Метод работы А. Головачевой отвечает наиболее острой и насущной проблеме современной компаративистики – проблеме исторически адекватного истолкования, которая до сих пор еще осознана у нас не вполне. Если Головачева сравнивает Чехова с Шекспиром, она рассматривает именно те переводы и издания Шекспира, которые мог знать Чехов, вплоть до анализа пометок на полях чеховских экземпляров (с. 39 – 40). Кстати, на аналогичную тему была не так давно защищена кандидатская диссертация Е. Виноградовой. То, что два исследователя независимо друг от друга пришли к осмыслению литературных связей в их исконном историческом контексте, – хороший признак. Это показатель того, что сравнительная поэтика мало-помалу выбирается из леса «мифов» и «символов» вольной эссеистики и возвращает себе статус строгой науки.
Ценности исследования не умаляет даже некоторая кумулятивность построения: нанизывание цепи литературных эпизодов выглядит вполне органично. Весьма свежо и приятно смотрится глава о Г. Спенсере. Из билетов к экзаменам по философии все помнят, что был такой позитивист, но историки литературы XIX века обычно ограничиваются глухими ссылками на влияние Спенсера на писателей или, в лучшем случае, невнятными пересказами его взглядов. Головачева же действительно сопоставляет конкретные тексты Спенсера в русской публикации XIX века с текстами Чехова, в которых упоминается Спенсер, и с отзывами о нем в тогдашней российской печати. Она привлекает материалы высказываний не только Чехова, но и людей чеховского круга, чтобы понять, что в Спенсере могло интересовать русского читателя рубежа столетий. И как нельзя более умело и корректно использованы биографические материалы (не только Чехова, но и его друзей и знакомых). Исследовательница смотрит незашоренным взглядом и не боится давно скомпрометировавшего себя поиска «реальных прототипов», при этом с необычайным тактом избегая именно того, что скомпрометировало этот жанр (то есть попыток вчитать сведения о реальных лицах и событиях в текст, как бы текст этому ни сопротивлялся). Дело в том, что «поиск прототипов» для нее вообще не является целью – ее задача куда менее самонадеянна: попытаться через поступки и высказывания реальных современников Чехова выйти на те мыслительные процессы, которые руководили писателем во время создания конкретного сюжета. Герои Чехова не становятся в книге Головачевой зашифрованными портретами таких-то и таких-то, но обретают органическую связь с культурным контекстом эпохи.
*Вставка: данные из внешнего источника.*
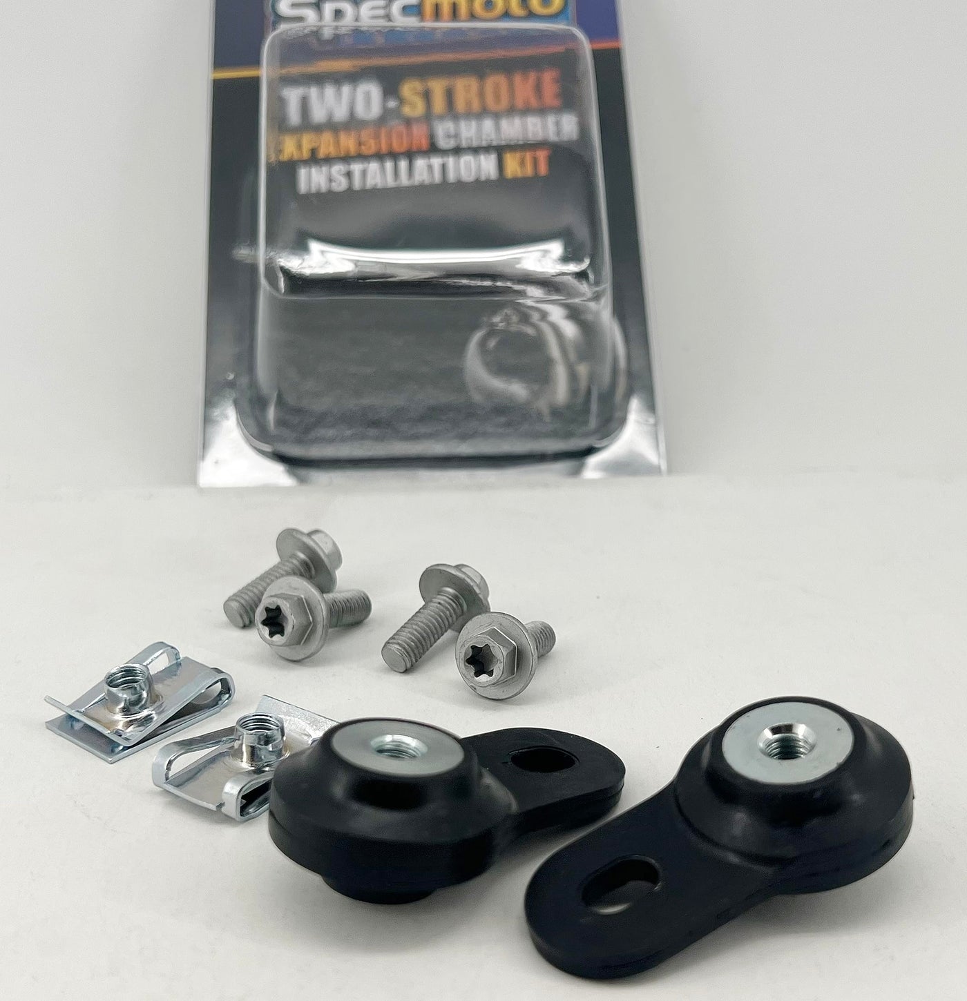 Q: What does the Specmoto Pipe Mount Kit include?A: The kit comes complete with expansion chamber mounts, clip nuts, and OEM matching bolts, providing everything you need to replace old or worn factory equipment.

Особенно хороша глава о связи образа фонтана с утопической тематикой, где сплетаются воедино данные литературы, публицистики и повседневной жизни: философический анализ садово-паркового искусства достоин того, чтобы почтить память Ю. М. Лотмана.
Даже столь рискованный ход, как проецирование чеховских сюжетов и на прошлое, и на будущее здесь видится абсолютно оправданным, так как автор книги обладает острым чувством исторической преемственности, и то, что у более легкомысленного литературоведа превратилось бы в порхание свободных ассоциаций, здесь оказывается прочно скованной цепью, притом благородного металла.
Это не значит, что книга лишена недостатков. Упущением, с нашей точки зрения, является то, что перевод «Гамлета» Вронченко лишь упоминается в книге (с. 41), но не рассматривается, а, поскольку речь заходит об источниках Пушкина, это следовало бы сделать – иначе сопоставление «Русалки» с «Гамлетом» Кронеберга, вышедшим после смерти Пушкина, вызывает некоторую сумятицу в уме читателя. Подчас простой пробел в сведениях заводит в сторону: так, автор напрасно считает «розы и мирты» цитатой из какого-то произведения (с. 92 – 93). Розы и мирты – древнейший топос европейской культуры, эмблема любви (поначалу – цветы, приносимые в жертву Венере). Устанавливать на этом основании источник Чехова вряд ли имеет смысл. Из фактических ошибок укажем лишь на две: 1) перевод «Гамлета» Полевым сделан не в 1837 году (с. 39), а не позднее 1836 года, так как в январе 1837-го спектакль уже шел; 2) чересчур буквально понят каламбур Андрея Белого насчет «спенсера» (с. 215) – куртка «спенсер» не имела никакого отношения к Герберту Спенсеру, так как была женской и вошла в обиход еще в 1790-е годы.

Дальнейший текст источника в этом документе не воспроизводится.